Les cellules graisseuses aident à réparer les nerfs endommagés

Les lésions des nerfs périphériques du corps peuvent provoquer des douleurs et des troubles du mouvement. Des chercheurs de l’université de Leipzig ont récemment étudié comment les nerfs endommagés peuvent mieux se régénérer. Ils ont découvert que le tissu adipeux soutient fortement les cellules de Schwann nécessaires à la réparation pendant le processus de guérison. Les résultats ont été publiés dans la revue Cell Metabolism.

Notre corps est traversé par des millions de fibres nerveuses qui transmettent des informations. Cela nous permet de contrôler nos muscles et de percevoir des impressions sensorielles. Les nerfs périphériques, comme ceux de nos bras et de nos jambes, sont souvent endommagés par des lésions aiguës, par exemple lors d’accidents. Les personnes touchées souffrent alors d’une perte de force musculaire et de problèmes sensoriels tels que l’engourdissement. Les nerfs périphériques ont un fort potentiel de régénération, mais la récupération complète de la fonction nerveuse est encore rare pour des raisons qui ne sont pas encore totalement comprises.
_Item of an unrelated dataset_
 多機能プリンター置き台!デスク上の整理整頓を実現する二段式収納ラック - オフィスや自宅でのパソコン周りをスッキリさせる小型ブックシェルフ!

Lorsqu’un nerf est écrasé ou sectionné, les fibres nerveuses touchées par la lésion meurent dans un premier temps. En principe, elles ont la capacité de repousser et de se régénérer complètement. Cela dépend des cellules de Schwann qui entourent les fibres nerveuses. Ces cellules ne meurent pas après une lésion nerveuse, mais sont chargées de coordonner la dégradation et la régénération des fibres nerveuses dans leur zone d’origine. Les cellules de Schwann jouent donc un rôle clé dans le processus de réparation. Jusqu’à présent, on ne savait pas comment ces cellules faisaient face à l’énorme charge métabolique associée à la dégradation et à la reconstruction du tissu nerveux. Des chercheurs du centre médical de l’université de Leipzig ont maintenant découvert que les cellules de Schwann reçoivent un soutien crucial pour la réparation des nerfs de la part du tissu adipeux qui entoure les nerfs dans le corps. En utilisant des souris génétiquement modifiées, ils ont montré que la leptine, un messager chimique, joue un rôle clé dans ce processus.
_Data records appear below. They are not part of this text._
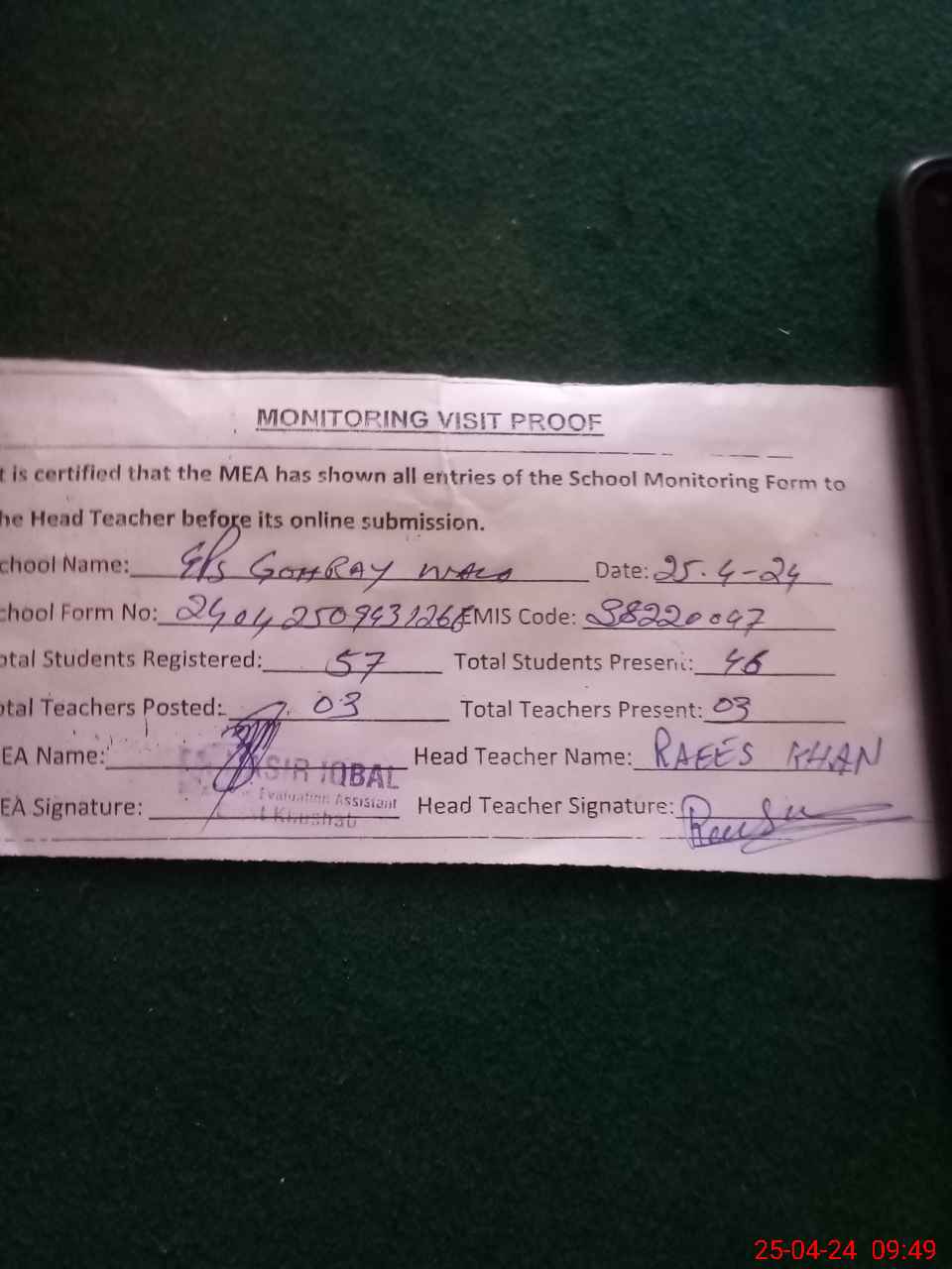 | EMIS Code: 38220047 | Name of School: GPS GOHRAY WALA | |||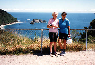 Midge and true friend Jean Green bicycle through New Zealand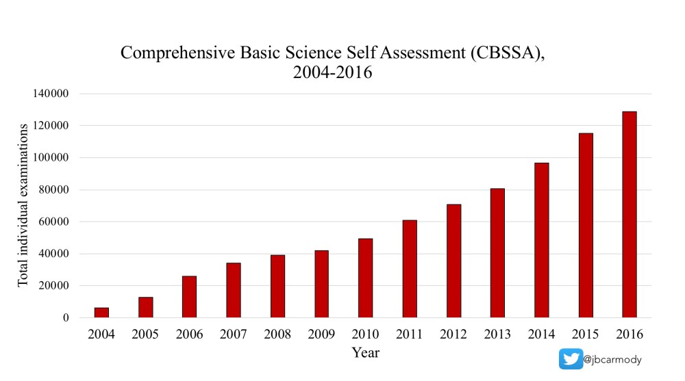 You can purchase as many CBSSA exams as you like. They cost $60 apiece – so with sales of 128,934 in 2016, the NBME cleared over $7.7 million.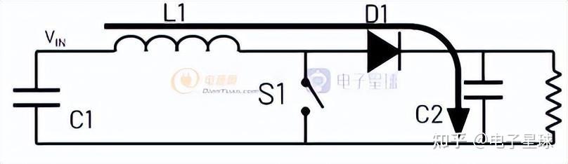 图1.异步BOOST电路工做原理,形态1图1所示为一个根本的异步BOOST电路图,能够看到次要包罗开关管S1、二极管D1、储能电感L1、输入电容C1、输出电容C2,以及负载RL等。稳态前提下,整个电路分红两个工做形态,如图1所示为形态1:S1开关管闭合,VIN电流流经电感L1到地给L1储能,后电畅通过大地流回VIN负端完毕。此时电感右侧电压为0,二极管反向截至,因而,负载RL的电能完全通过输出电容C2供给。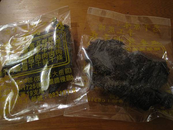 這就是廣來商店的原汁火烤牛肉干,一包一百元,口味扎實偏硬,非常耐嚼,很獨特的是咬在嘴裡真的是火烤味十足,若論美味我還是比較最愛馥御牛肉干,但一想起老爺爺和老婆婆便覺得滋味無窮~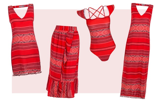Amigas de longa data e dona da marca, Helena Basiches fechou parceria e Helena desenvolveu uma estampa inédita cheia de referências étnicas e cores vivas, pensada para dar vida aos quatro modelos versáteis da collab. Uma saia, dois vestidos e um body.

La leptine est principalement produite par les cellules du tissu adipeux et est connue pour ses effets coupe-faim dans le contexte de la nutrition. De manière surprenante, le projet de recherche actuel a montré que la signalisation de la leptine est également un facteur important dans la réparation des nerfs endommagés par les cellules de Schwann. « La leptine dérivée des cellules adipeuses stimule l’équilibre énergétique des cellules de Schwann en activant leurs mitochondries », explique le Dr Robert Fledrich de l’Institut d’anatomie de l’université de Leipzig et l’un des deux responsables de l’étude.

« Parallèlement, les mitochondries des cellules de Schwann utilisent des parties du tissu nerveux endommagé comme substrat énergétique afin de permettre une régénération réussie », ajoute le professeur Ruth Stassart de l’Institut Paul Flechsig de neuropathologie du centre médical de l’université de Leipzig et co-directrice de l’étude. « Le métabolisme des cellules de Schwann est donc optimisé pour la régénération nerveuse et favorise considérablement le rétablissement de la fonction nerveuse d’origine », expliquent les deux chercheurs.

La communication entre les cellules adipeuses et les cellules de Schwann pourrait potentiellement ouvrir la voie à de nouvelles options thérapeutiques qui influencent positivement le métabolisme des cellules réparatrices en cas de lésions nerveuses. Les chercheurs espèrent que ces nouvelles découvertes contribueront à améliorer la régénération des cellules nerveuses.